Egypt’s gas sector to change profoundly within five years

Egypt’s natural gas sector is “on pace for a profound change in the next five years,” consultant Wood Mackenzie says. “After swinging from the world’s eighth largest liquefied natural gas exporter in 2009 to the world’s eighth largest LNG importer in 2016, the wheel is set to turn again,” a report emailed to UPI found. Wood Mackenzie expects Egyptian gas production levels to increase to 7.3 bcf/d, leaving the market “inundated” following positive exploration results and higher gas prices. The report adds that the turnaround will be largely seasonal. “Better gas availability for domestic sectors — power especially — could exacerbate seasonality through the demand response … Our analysis suggests that over the production ramp-up period, seasonal LNG imports could be needed to cover demand in the peak summer months, while excess gas could be available for LNG exports in the winter.”

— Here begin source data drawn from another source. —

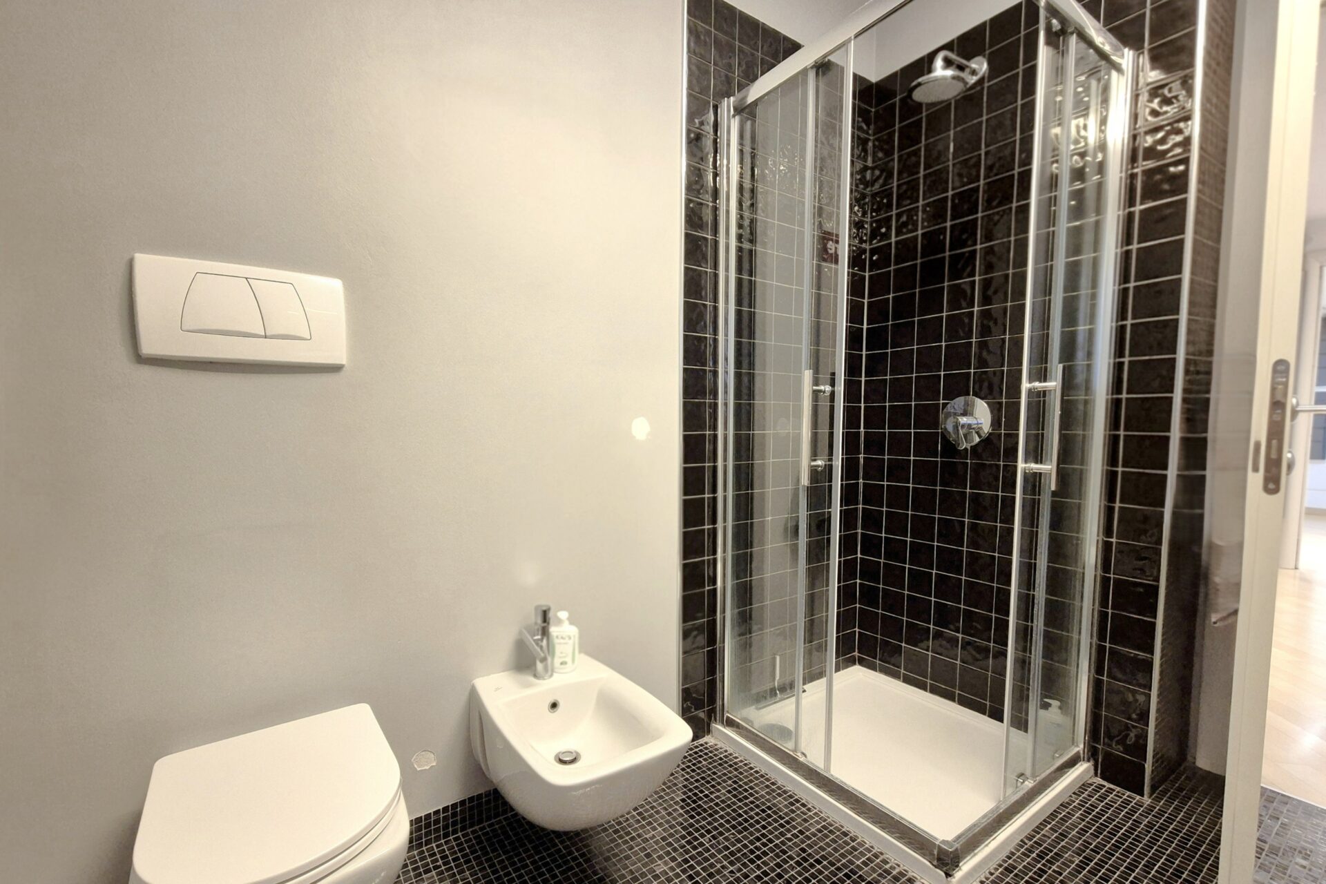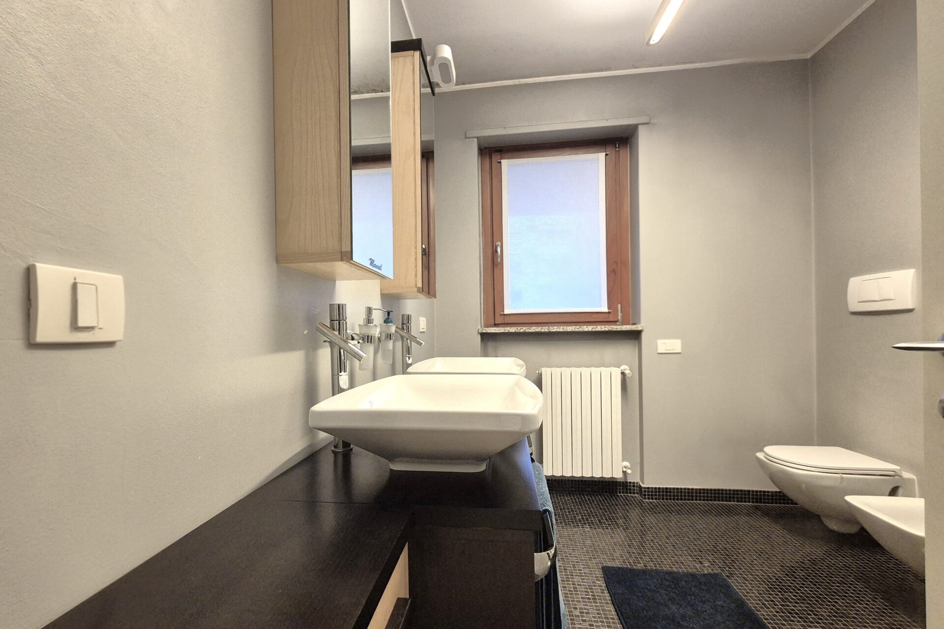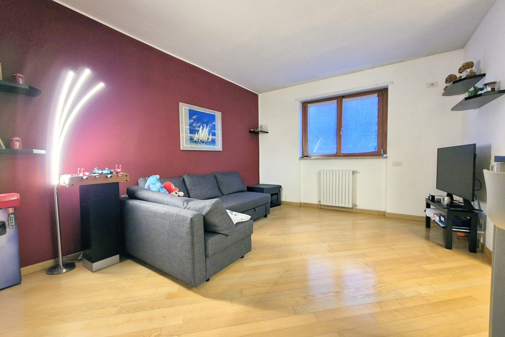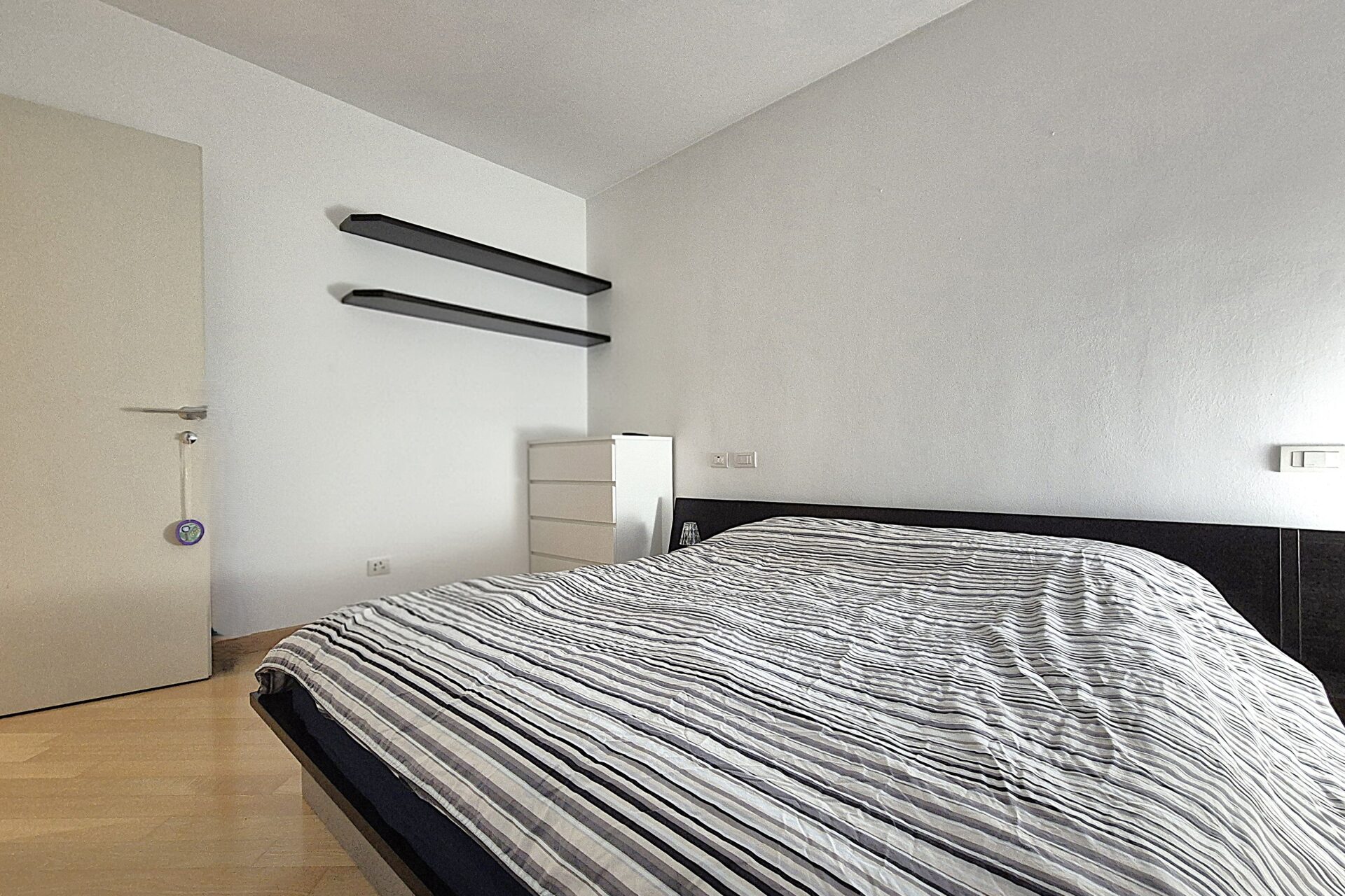 Zona Notte composta Ampia camera da letto matrimoniale, oltre servizio, dotato di ampio box doccia e sanitari sospesi. L’appartamento vanta finiture di pregio: pavimentazione in parquet, infissi in doppio vetro e porta blindata. Il riscaldamento è centralizzato a gestione autonoma ed è presente l’aria condizionata nella zona soggiorno. L’arredamento è in stile contemporaneo, scelto per unire estetica e funzionalità.
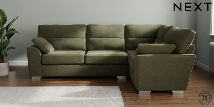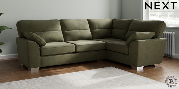 7.2.10 Buy Stamford Highback Large Corner Sofa - Right Hand Ripple Chenille Mid Moss Green Large Square Angle - Chrome Metal from the Next UK online shop Click here to use our accessible website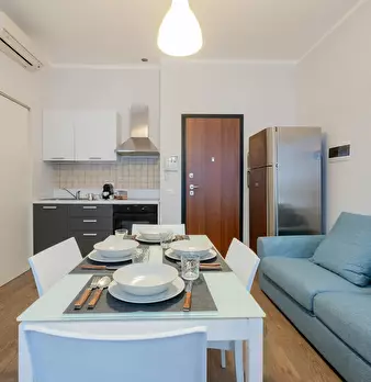 Cozy and modern two-room apartment, located in the Porta Romana district. The city center is easily reachable by yellow metro, in just 10 minutes. The apartment consists of a living area with dining table and large open kitchen, equipped with ever...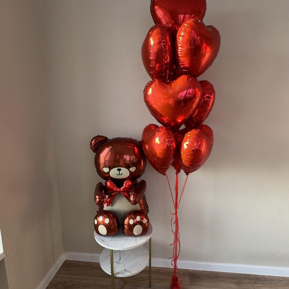 Набор шаров Мишка и 10 сердец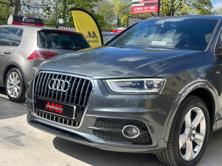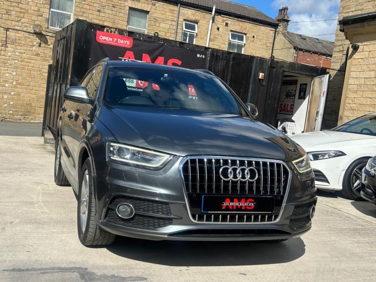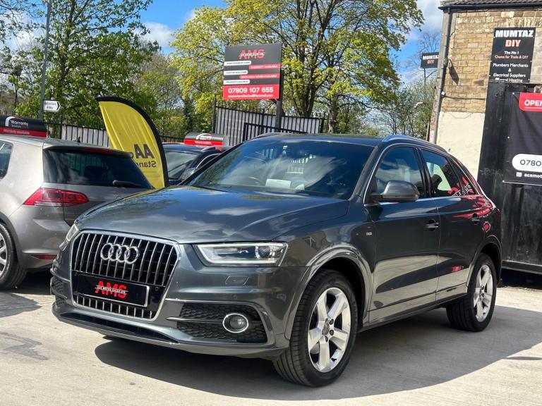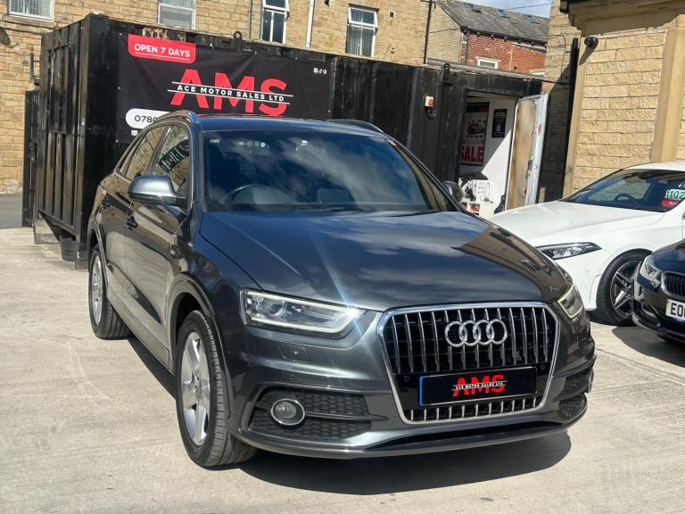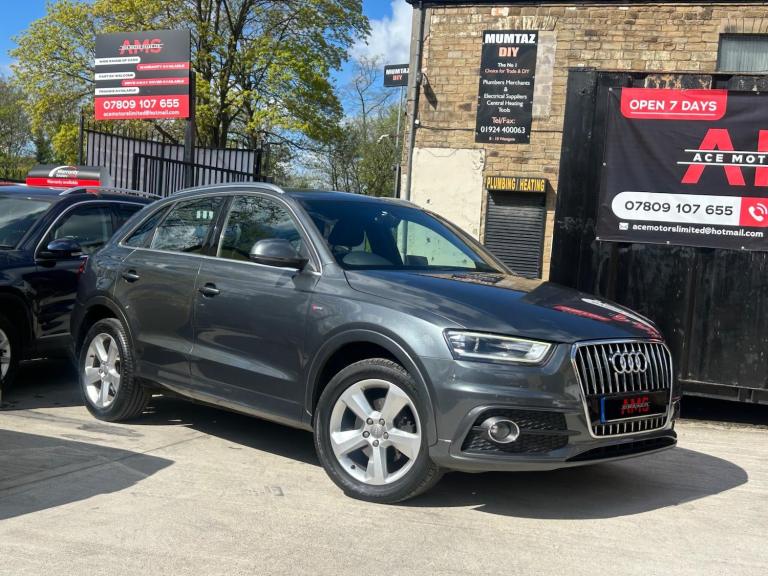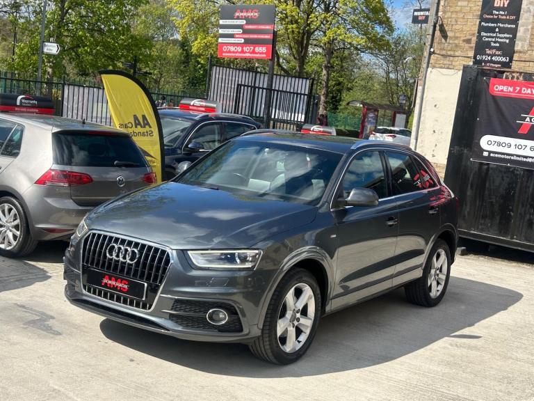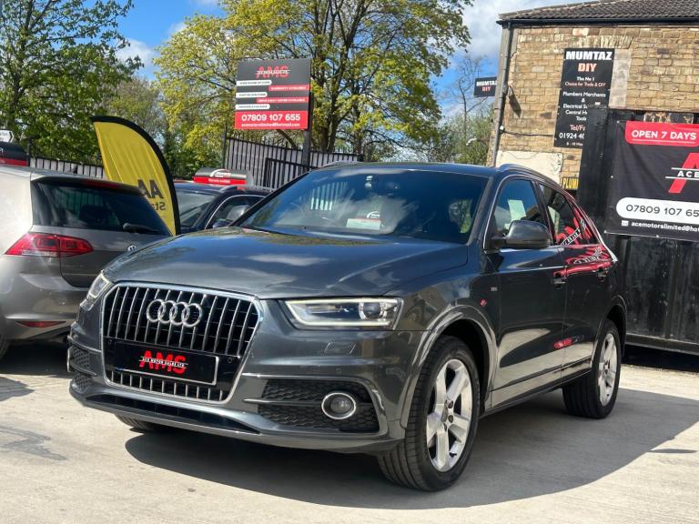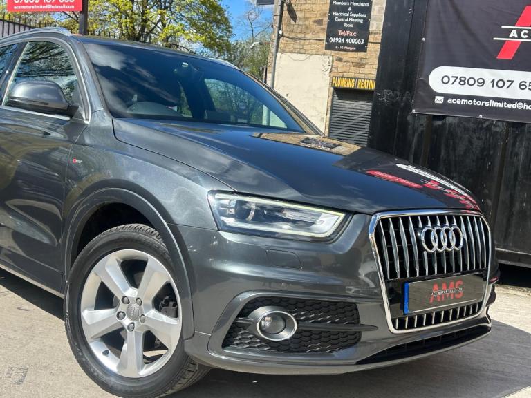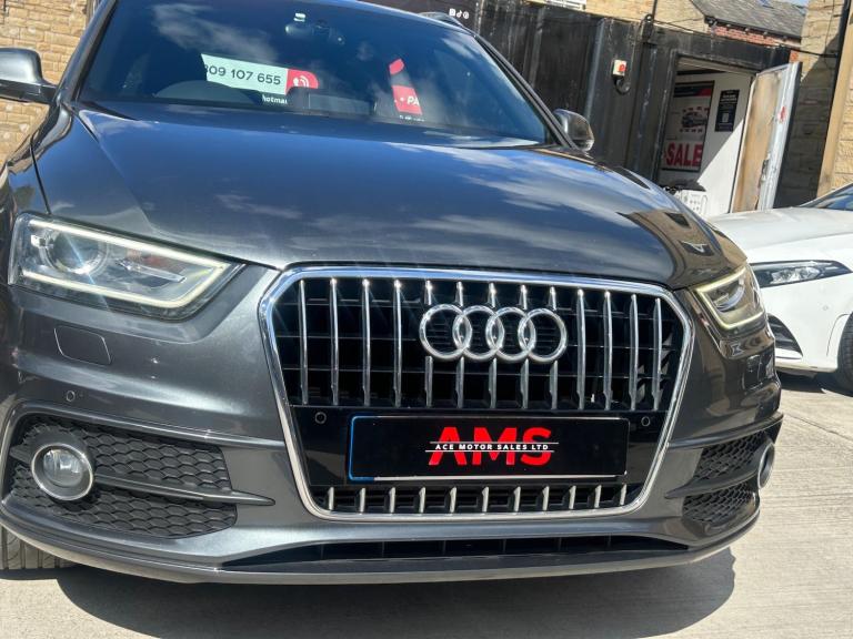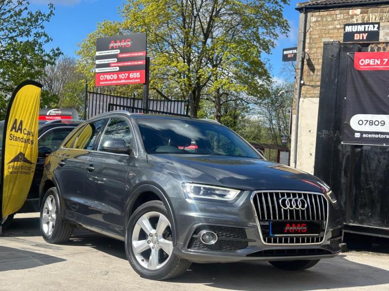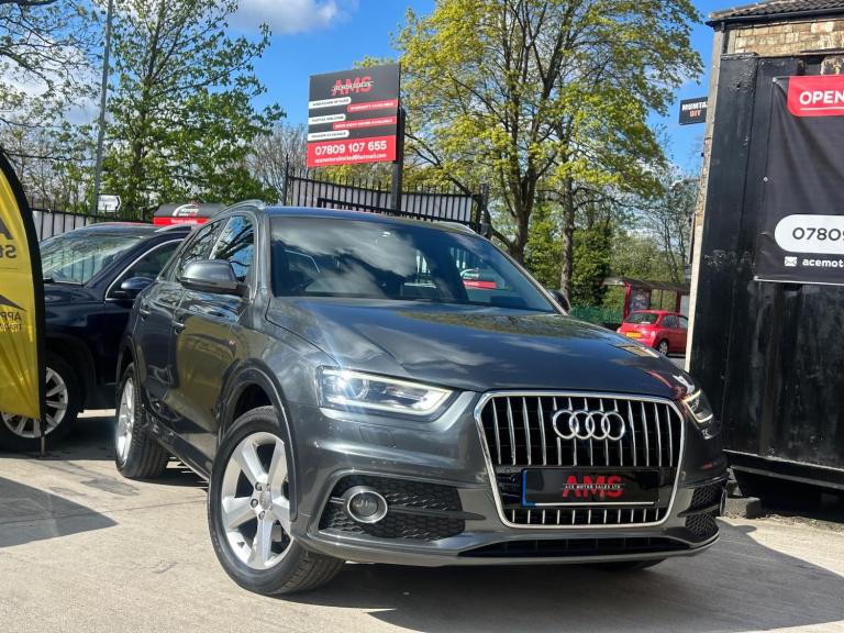 2014(63) Audi Q3 2.0 TDI S Line Quattro 133k Miles Long MOT! Service History! Clean Example! Bi-Xenon Headlights!2014 Audi Q3 S Line Quattro now available here at Ace Motor sales. This stunning Audi Q3 is finished in a lovely metallic grey accompanied by the 18 inch alloy wheels. Fantastic drive on this car with plenty of power, comfort and performance. Excellent specification. Very clean example! Spec includes: Half black leather seats, 18 inch s line alloy wheels, 6.5 inch display screen, Cruise control, Front & Rear parking sensors, LED taillights, Dual zone climate control, Dynamic suspension, Electronic parking brake, Bi xenon headlights. Plus many more extras! Low Cost Nationwide Delivery! We Take Any Car In Part Exchange! Reserve This Car For Just £99! Visit our website at ACEMOTORSALES.UK to view our latest stock! Contact The Sales Office To Make Any Further Enquiries Or To Book A Viewing/Test Drive. We are open 7 days a week. To book a viewing/test drive please call 07809107655.

Read that with: IOCs are rethinking the Eastern Mediterranean region’s gas potential, according to analysis by IHS Markit carried by Offshore Energy Today. Interest in the region as a whole has grown with Total’s announcement that it will drill a 2017 exploration well in its deepwater Block 11 located offshore Cyprus. “Zohr’s success clearly encouraged Total leadership to re-examine Block 11’s potential, since it is contiguous with the Egyptian Shorouk Offshore Block, which is home to Eni’s Zohr Field,” senior director of plays and basins research at IHS Markit Graham Bliss says. He added: “If the Zohr carbonate play extends northward into Total’s Block 11, then the potential for a significant discovery in Block 11 exists … A major find would provide competition with offshore Israel gas fields to fulfill Egypt’s rising gas demand … could even potentially lead to gas exports to Turkey.” Bliss says the most likely outcome for a significant Block 11 discovery is exporting to Egypt.